In order to answer such clinical, methodological, and practical questions we have designed and implemented a novel digitalized assessment tool, devised to be modular, easy, and relatively brief in its administration. The tool—named Battery for Executive Functions in Addiction (BFE-A)—consists of seven subtests (see Table 1) and includes measures dedicated to short- and long-term verbal memory, working memory, cognitive flexibility investigated with both verbal and non-verbal materials, focused attention, attention regulation and suppression of interference and inhibitory control. The set of tests and tasks that constitutes the BFE-A was selected based on their relevance, as highlighted by empirical literature, and their diagnostic potential, as highlighted by available psychometric and clinical evidence [further information on the selection and revisions of subtests included in the finalized version of the tool, as well as on technical specifications on the tool development process, can be found in (37)].
Table 1.
Structure of BFE-A subtests, cognitive functions and processes investigated by each subtest, and their type.

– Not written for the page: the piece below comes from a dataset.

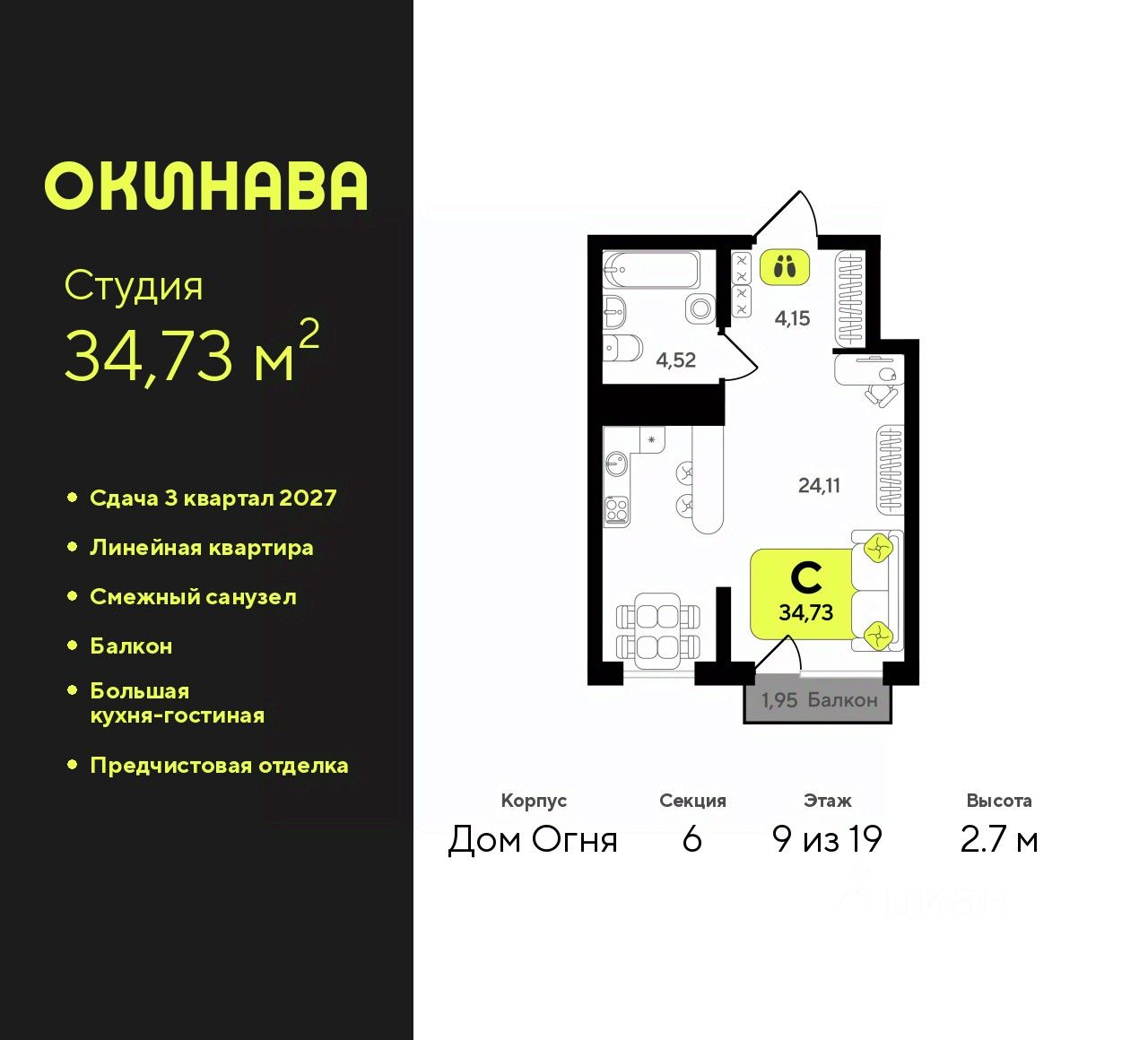 Продается 1-комн. квартира-студия с предчистовой отделкой в ЖК ''Окинава'' на 9 этаже. Общая площадь: 34.73 кв.м., площадь гостиной 24.11 кв.м., из которых 5 кв.м. выделено под кухонную зону. Все окна выходят на одну сторону. В квартире один балкон, один совмещенный санузел. Высота потолков 2.7 м.

| Subtest | Primary cognitive function | Specific processes | Type |
|---|---|---|---|
| Verbal Memory Test—VMT | Short/long-term memory | Encoding consolidation, and retrieval of verbal material presented in auditory mode | Digitalized test |
| Working Memory Test—WMT | Working memory | Transient storage and active processing of numerical material presented in auditory mode | Digitalized test |
| Focused Attention Test—FAT | Focused Attention | Detection and selection of target visual-spatial stimuli, inhibition of distracters | Digitalized test |
| Verbal Fluency Test—VFT | Cognitive flexibility | Lexical access and selection, self-monitoring, set shifting, with linguistic material | Digitalized test |
| Non-verbal Fluency Test—NvFT | Cognitive flexibility | Generative and creative processes, self-monitoring, set shifting, with visual spatial patterns | Digitalized test |
| Modified Stroop Task for Addiction—MST | Attention regulation and suppression of interference | Control of interference due to semantic incongruence or salience of addiction-related stimuli | Computerized task |
| Modified Go/No-go Task for Addiction—MGNT | Inhibitory control | Suppression of pre-potent responses, control of attention bias for addiction-related stimuli | Computerized task |
Besides outlining a general profile of preserved and compromised EF and higher cognitive processes associated with addiction pictures, the battery subtests have been designed to allow calculation of specific performance indicators for each cognitive domain, as well as inter-test comparison of performance. Also, each subtest has been complemented with different performance indices and error indices, devised to be metrically comparable. That allows the examiner to run intra-individual inter-test comparisons of performance at the different investigated functions, as well as to draw parallels between the examinee's performances at the various subtests. Such form of profiling, by pointing out both strengths and weaknesses of the examinee, would make easier to take into account patient's potential and specific needs when planning targeted diagnostic investigations or personalized empowerment/rehabilitation interventions. In addition, the comparability of subtest outcomes allows identifying specific effects of an implemented treatment protocol by weighing them transversely to the investigated cognitive domains. Such features provide valuable hints for the optimization or efficiency testing of different care and assistance plans.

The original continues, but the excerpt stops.